The New Rules of Comedy: Hannah Gadsby, Joel Kim Booster and More Talk Cancel Culture, Inclusivity and Mental Health
29.04.2024 - 18:35
/ variety.com
Julie Seabaugh Comedy constantly shifts and changes, and tenets that might have applied years ago are also on the move. Variety spoke to some comics about everything from social media to cancel culture to figure out the new rules of the comedy scene. Live wherever. New York too expensive? Los Angeles too soul-crushing? Austin … too Texas? Touring headliners now regularly hail from more efficient hubs in Colorado, Missouri, Minnesota or anywhere else with Wi-Fi.
“I don’t hang in Hollywood,” says Patricia “Ms. Pat” Williams from Atlanta. “If you learn how to create for yourself, then you don’t have to wait on nobody to give you anything in this business.” The convicted felon who’d been shot twice by 21 is now serving as judge on “Ms.

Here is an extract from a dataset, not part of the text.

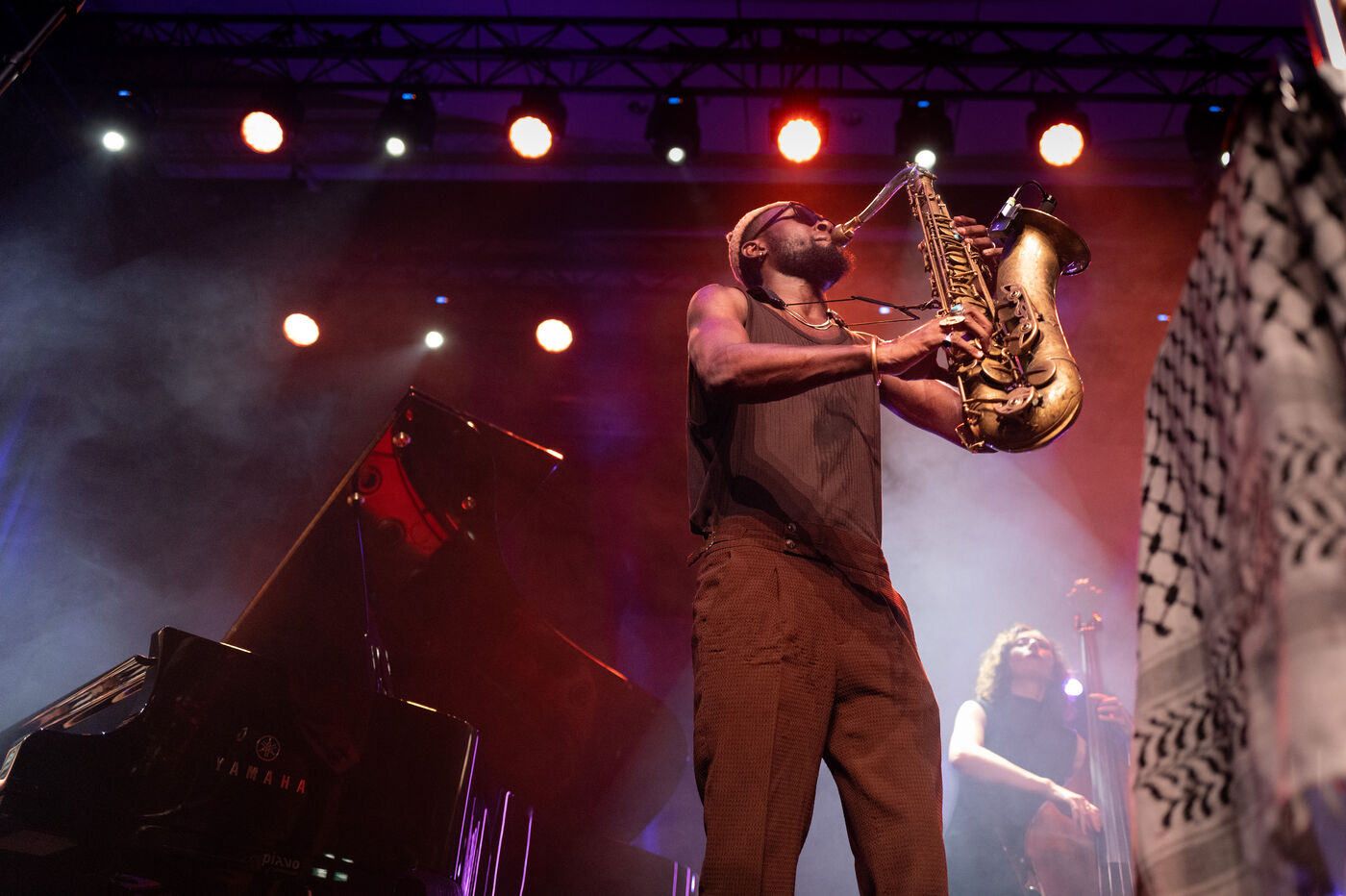 Le compositeur et saxophoniste Isaiah Collier, basé à Chicago, en concert au Montreux Jazz Festival 2025 avec le groupe The Chosen Few, comprenant Liya Grigoryan (pno), Emma Dayhuff (bass) et Tim Regis (drms).

Pat Settles It.” Her multicam “The Ms. Pat Show” had been dropped three times prior to earning multiple BET and Emmy nominations and breaking streaming records unedited on BET+. Over in Knoxville, Tenn., Leanne Morgan lives some 180 miles away from Nashville pal Nate Bargatze.
“You got to be what they want,” she advises of Hollywood. “They’re looking for this. I need to mold myself into that.” Morgan takes pride in having raised her children, staying who she was and connecting with “a huge audience of darling, darling people.

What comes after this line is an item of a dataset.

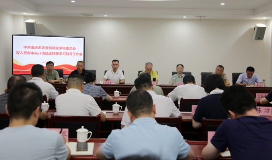 6月18日,市农机校党委在行政楼三楼二会议室召开深入贯彻中央八项规定精神学习教育工作会,贯彻落实工作部署。校领导班子成员、中层领导干部参会,会议由校党委书记范本主持。

I cut my own path and started selling out all over the United States, it felt like overnight. If you can find your audience, you could live in Kalamazoo.” Respect your social-media audiences. Social media is a necessary part of building an audience. “You absolutely need to take it seriously,” says UTA agent-turned-independent manager Joe Eshenbaugh.